Dao Du Jour: Day 39

Chapter 39

“When man interferes with the Tao,

the sky becomes filthy,

the earth becomes depleted,

the equilibrium crumbles,

creatures become extinct.”

~ Stephen Mitchell (trans.), Tao Te Ching: A New English Version (New York: Harper Perennial), 2006.


When The Matrix came out in 1999, no one considered it to be an environmental allegory. Instead, we cast it as Frankenstein for the digital age: the hubris of humanity playing god, our creations turning on us and threatening the survival of our species. Climate change had not yet slid into the Overton window, but now that it has, watching The Matrix in light of it makes sense. What folks in the “existential risk” space refer to as the “control problem” of artificial intelligence is likely to become more and more entangled with the climate problem.

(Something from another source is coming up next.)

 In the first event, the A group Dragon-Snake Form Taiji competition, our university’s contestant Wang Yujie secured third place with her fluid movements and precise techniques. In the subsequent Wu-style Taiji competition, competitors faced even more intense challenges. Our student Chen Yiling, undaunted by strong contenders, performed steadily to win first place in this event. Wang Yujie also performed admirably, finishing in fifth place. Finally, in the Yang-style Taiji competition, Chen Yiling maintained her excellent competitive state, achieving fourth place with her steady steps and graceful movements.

This week, one of the leading science journalists of our time, Elizabeth Kolbert—author of The Sixth Extinction—came out with a new book, Under a White Sky: The Nature of the Future, reporting on the state of play around the climate problem. Among the many controversial cutting-edge technologies she profiles is geo-engineering, the main form of which involves injecting sulfate particles into the atmosphere to deflect solar radiation in order to cool the planet. As one of her sources bluntly remarks, we are at the point where we are seriously talking about “dimming the fucking sun.”

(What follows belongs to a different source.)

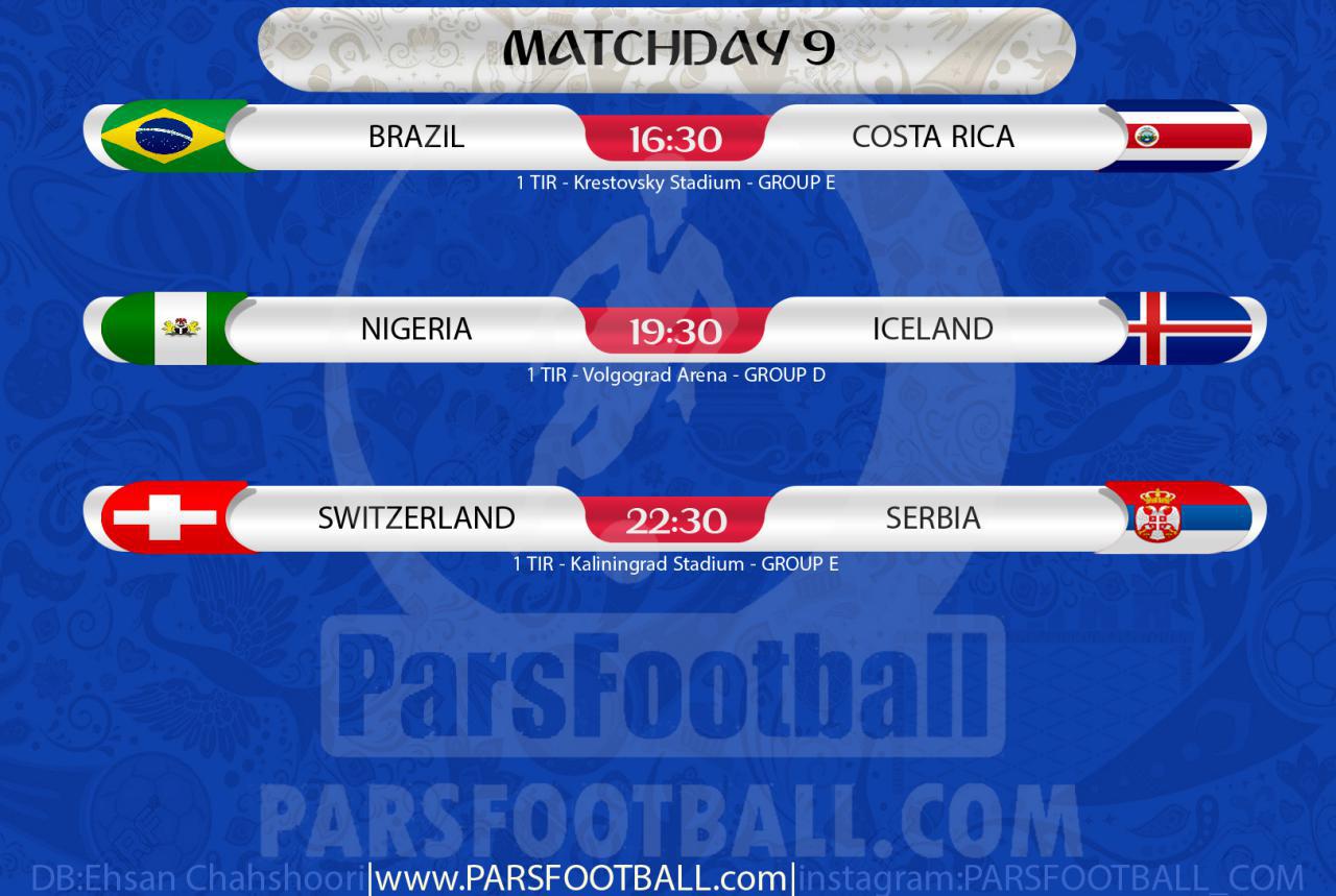 اینفوگرافی برنامه بازی های روز نهم جام جهانی 2018 روسیه

When Morpheus explains to Neo how the machines took over—“some time in the early 21st century”—he says that as a last ditch effort to win the war, humanity darkened the sky in order to cut off the machine’s power source—the sun. Yet this turned out to seal humanity’s fate, since the machines realized they could use human bodies as batteries by growing them in fields, sucking their life force energy away as they sleepwalked through a virtual reality simulation. 

Few paid attention, however, to the deeper meaning of The Matrix sequels—partly because of wooden acting and stilted scripts, partly because they contained a spiritual teaching far too high for popular culture. In the second and third films, we learn that the simple morality play of the first film—“humanity good, machines bad”—is yet another illusion. The machines themselves turn out to be incarnations of spirit. In Hegelian terms, the machines are humanity’s alienated essence, and the war is the “cunning of reason” conspiring to reconcile them to each other. Neo is the Christ-like mediator between the two.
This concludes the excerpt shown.